Gleich zu Beginn klärt der Autor auf, dass die körperliche Veränderung des Menschen mit seinem Stressmanagement unmittelbar verbunden ist. In stressfreien Zeiten hat der menschliche Körper die Veranlagung, durchweg schlank zu sein. Doch mal ehrlich, gerade in der heutigen Zeit, wer steht da nicht unter Stress - immer und überall? Sobald jedoch das Stressmanagement in Kraft tritt, beginnen die Veränderungen an unseren Körpern. Einige werden dick, während sich andere scheinbar gar nicht verändern - doch dies nur auf den ersten Blick. Auch in dünnen Menschen gehen Veränderungen vor, diese merken sie nur nicht so schnell und diese Veränderungen erweisen sich bei den dünnen Menschen zum Teil als tödlich, denn: Zur Jahrtausendwende begannen Nierenspezialisten das sogenannte "Gewichtsparadoxon" zu untersuchen, denn wenn es in der Theorie heißt, ein schlanker Körper wäre gesund und könne besser mit Krankheiten umgehen, so sieht es in der Realität so aus, dass Krankheiten wie Nierenversagen, Schlaganfälle, Hirnblutungen, Herzinfarkte, Herschwäche, Lungenversagen, Leberversagen, Blutvergiftungen und Diabetes Typ 2 eher von dicken Menschen überlebt werden, als von dünnen.

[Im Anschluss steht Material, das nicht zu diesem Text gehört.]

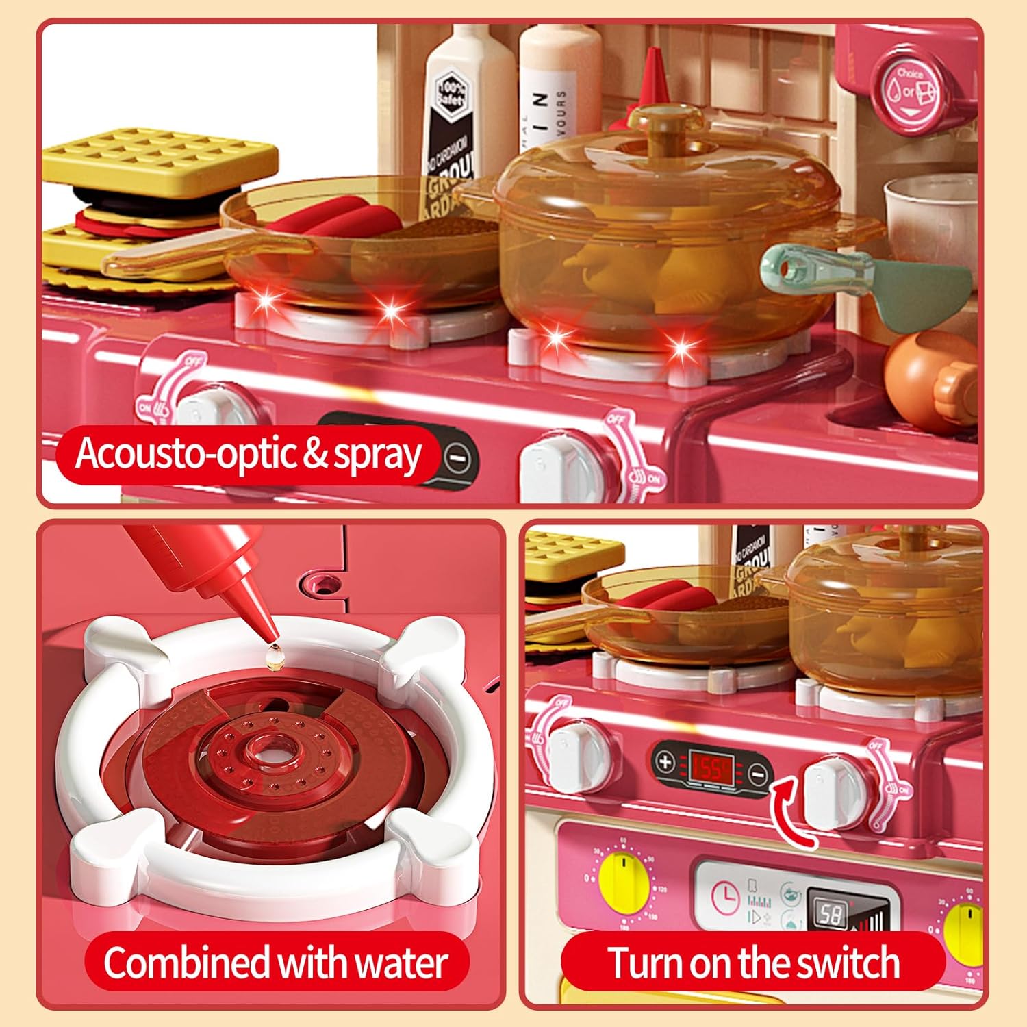 【Electronic Stovetop with Steam & Sound & Light】Place a pot or pan on the stove and turn it on, the stove will light up and make a sound to mimic the real firing stove.Additionally, use the red bottle to add water into the hole of stove and spray will comes out while cooking, adding a lot more fun

In diesem Buch klärt der Autor klar und verständlich auf, warum, wieso und weshalb gerade dicke Menschen, deutlich bessere Überlebenschancen haben als dünnere und an den meisten Mythen zum Thema Übergewicht, nichts dran ist. Wobei hier anzumerken ist, dieses Buch ist kein Diät-Buch, es soll lediglich über Fakten aufklären!
Ein überaus interessantes und informatives Sachbuch zum Thema Übergewicht! Der Aufbau des Buches hat mir unheimlich gut gefallen. Zu Beginn klärt der Autor über geschichtliche Veränderungen der Körperbetrachtung auf und, was ich wahnsinnig faszinierend finde, er räumt von vorne bis hinten mit den gängigen Vorurteilen gegen dicken Menschen auf. Das Buch wurde sprachlich so angelegt, dass auch ich als Laie durchaus behaupten kann, es verstanden zu haben und überhaupt konnte ich mir das ein oder andere zynische Lächeln nicht verkneifen, wenn so manches Vorurteil untersucht und von vorne bis hinten widerlegt wurde, denn mal ehrlich, auch ich gehöre zu denjenigen, die mit bestimmten Krankheiten besser klarkommen müsste, als andere - wenn ihr versteht was ich meine.